Question

Find the number of ways of arranging the letters of the word INDEPENDENCE.

Answer 1

Hint: We first try to explain the general formula where we find the arrangement of n things out of which p things are one a kind, q things are other of a kind and the rest are unique as $\dfrac{n!}{p!\times q!}$. For our given problem we find an arrangement of 12 letters out of which 3 As are similar, 2 Bs are similar and 1 C is unique. We put the values to find the solution.

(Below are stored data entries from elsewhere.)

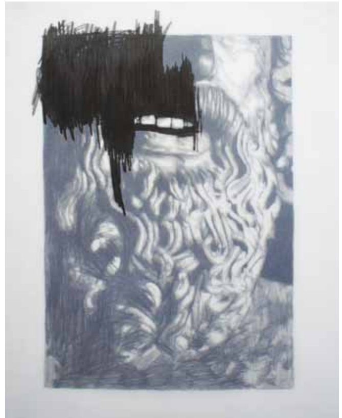
Frédéric Malette - Du vertige qui les perd, 2015 Graphite sur calque 180g, 50 x 70 cm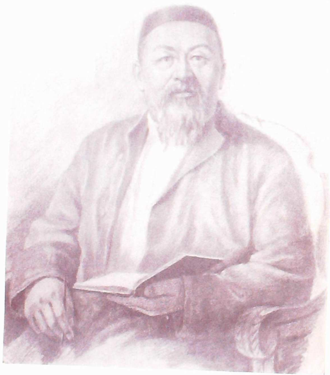
АБАЙ КУНАНБАЕВ Рисунок художника А. М. Мартовой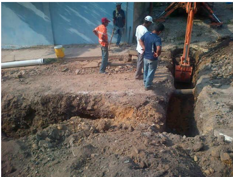
COVINEA adelanta trabajos de cloacas para luego aplicar más de 200 metros de pavicrete.

Comentó que sigue el lineamiento del máximo líder de la revolución para ver cambios importantes y un mejor vivir en su sector. Actualmente, en la parte alta de la comunidad se da respuesta al pueblo que durante cierto tiempo esperaba la instalación de cloacas y condicionamiento de más de 180 metros de vialidad.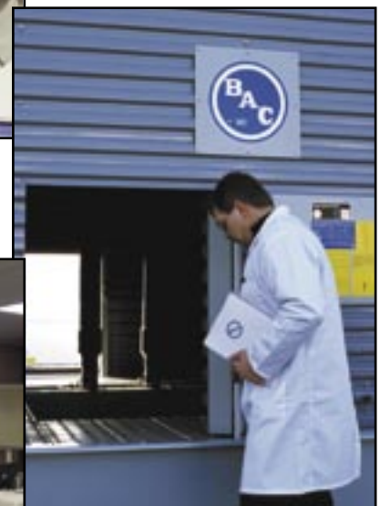
Inspection sur site

Complete step by step answer:
We have to arrange the letters of the word INDEPENDENCE. So, in total there are 12 letters.
Out of those 12 letters there are 3 N’s, 4 E’s, 2 D’s. Also, there is one each for I, P and C.
Now the formula of arranging n things out of which p things are one a kind, q things are other of a kind and the rest are unique is $\dfrac{n!}{p!\times q!}$.
We apply the same formula for our given problem.
Therefore, the number of arrangements will be $\dfrac{12!}{3!\times 4!\times 2!}=\dfrac{479001600}{288}=1663200$.

Note: There are some constraints in the form of ${}^{n}{{C}_{r}}=\dfrac{n!}{r!\times \left( n-r \right)!}$. The general conditions are $n\ge r\ge 0;n\ne 0$. Also, we need to remember the fact that the notion of choosing r objects out of n objects is exactly equal to the notion of choosing $\left( n-r \right)$ objects out of n objects. The mathematical expression is ${}^{n}{{C}_{r}}=\dfrac{n!}{r!\times \left( n-r \right)!}={}^{n}{{C}_{n-r}}$.